Skagway: Gateway to the Klondike

bike ride through the Tongass Rainforest

The first Gold Rush in the Pacific Northwest was in the Klondike River area in Canada’s Yukon Territory in the late 19th century. Travel over land was mountainous and difficult so many hopeful gold miners attempted the route by sea to Skagway and then through the Chilkoot Pass of the Coast Mountains into Canada. Approaching the pass directly through Skagway was steep and arduous. The path through nearby Dyea, 15 miles away, was longer but not as steep, and horses could help carry supplies if they didn’t fall to their deaths off the narrow trails. Considering a traveler was required by Canadian law to bring a year’s worth of provisions with him or her (1000 lbs. of food!) before being allowed to cross the border, many chose the horse-capable route. Others chose the shorter path through Skagway; they were in a hurry to stake gold claims before they were all taken.

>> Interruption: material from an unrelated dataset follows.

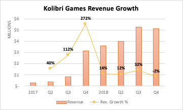 Jelly Button Games (“Pirate Kings”) - at $2-2.5m per month during Q4 2018 (annual revenues +375% YoY), and is poised to break into the Top 150 grossing games list

the Chilkoot Pass trail head

Dyea and Skagway were in fierce competition for the business miners brought until the Alaska Railroad decided to lay their track through Skagway. Dyea became a ghost town almost overnight. Today the rainforest has reclaimed Dyea, and we took a bike ride through it.

Facade of a real estate company in Dyea. Behind the false front would be a tent which served as the “building.”

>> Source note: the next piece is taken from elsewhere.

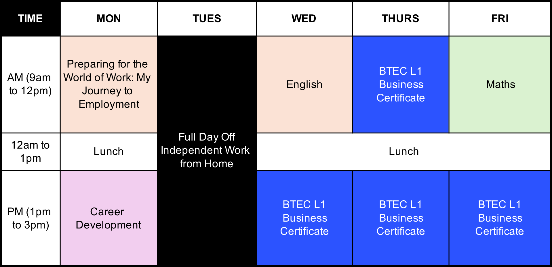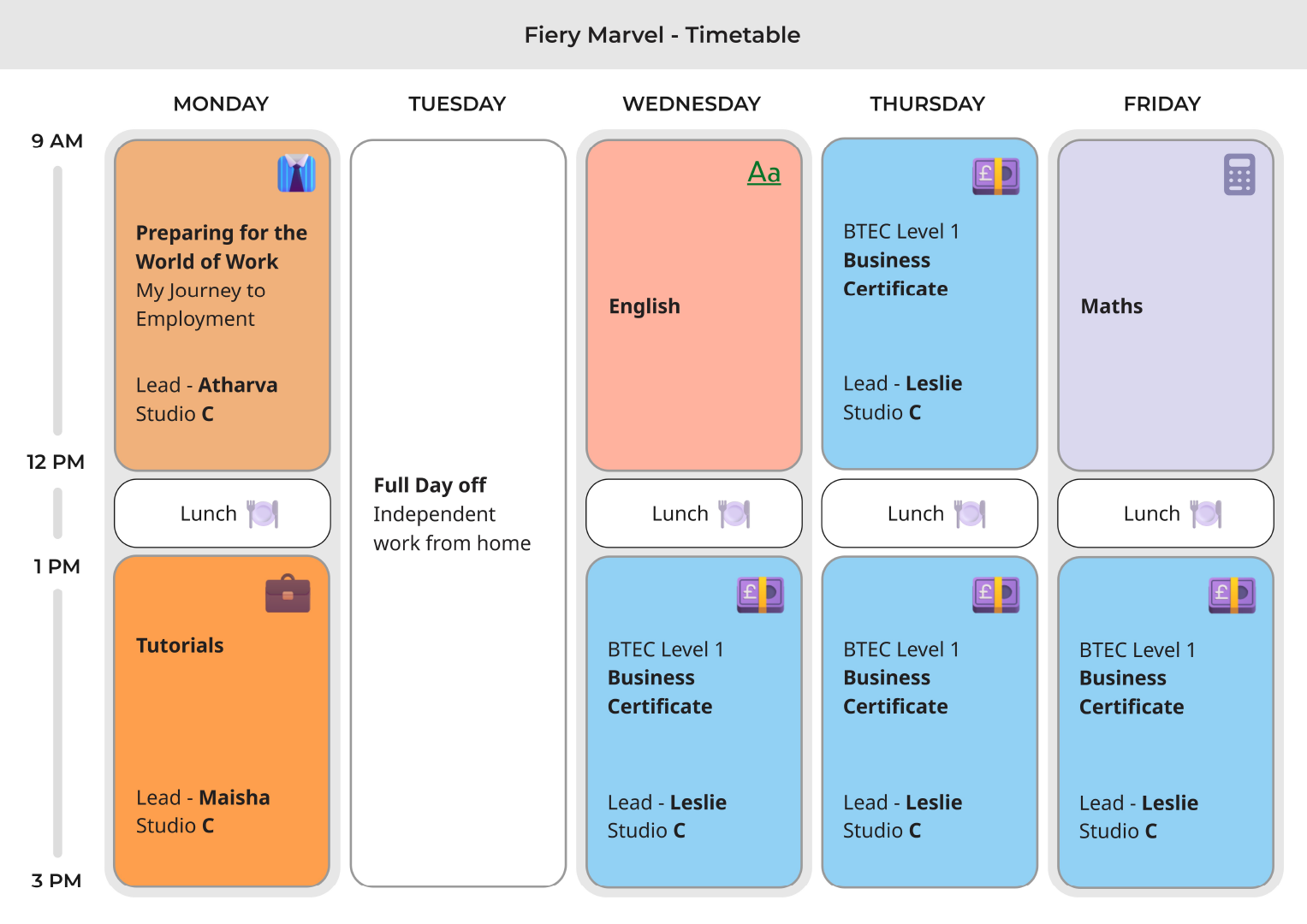 Our learners work in small, supportive teams that reflect their interests, strengths and areas of development. Each team follows a structured weekly timetable that blends creative studio time, skills development, project work and personal support.

The cemetery where those who didn’t survive the Dyea route were buried. Seventy-some lives were lost in a Palm Sunday (1898) avalanche. Others were often shot for stealing supplies.

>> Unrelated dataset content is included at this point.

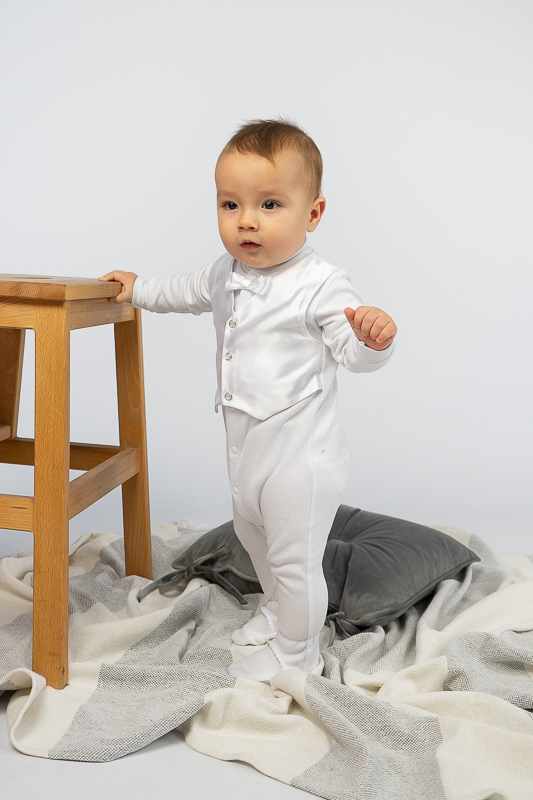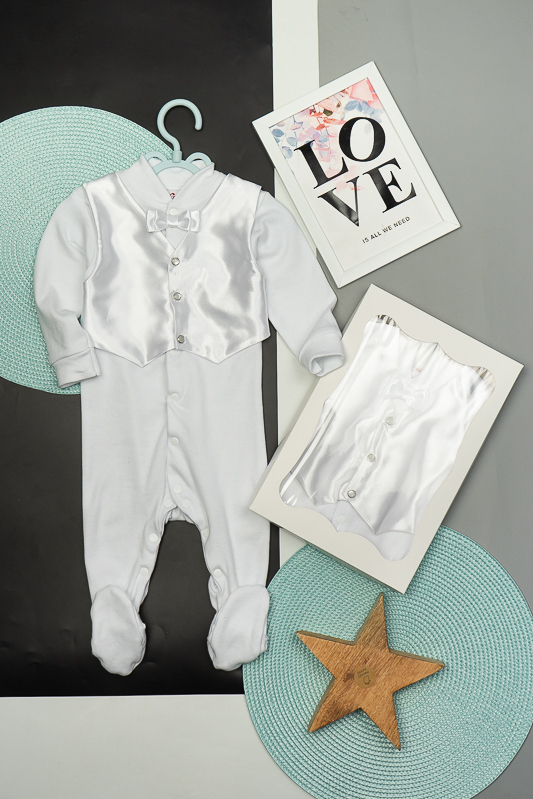 У цьому комбінезоні від ТМ «Гном» ваш малюк виглядатиме як малий джентльмен. Доповнює образ жилетка на блискучих кнопках та невеликий атласний метелик. Такий комбінезончик чудово підійде як на виписку з пологового будинку, так і на хрестини. Для зручності по всій довжині виробу і між ніжками знаходиться застібка - кнопки. Комбінезон виготовлений з щільного і приємного на дотик трикотажного матеріалу - інтерлок, який складається з бавовняного натурального волокна. Полотно еластичне (зберігає форму навіть при сильному розтягуванні), міцне, стійке до зносу, екологічне (не викликає алергію навіть у маленьких дітей, добре пропускає повітря, дозволяє шкірі дихати). Однак потрібно бути акуратним при пранні, а особливо з температурою води. Не дотримання правильного режиму може спричинити усадку. Рекомендований догляд за виробом: ручне або машинне прання на малих обертах при температурі не вище 30°C із застосуванням м'якого миючого засобу, прасування при невисокій температурі з виворітного боку. До комбінезона додається подарункова коробка.

The salmon (pink or humpy) were running in the Taiya River.


The Taiya River flowing out to sea.

The town of Skagway was, in itself, a disappointment. Now, with a population of just over 1000, it exists to support the cruise-line industry, including many high-end jewelry stores owned by the cruise lines. We couldn’t even find a place to get lunch in this Disney-esque town, so we went back to the ship.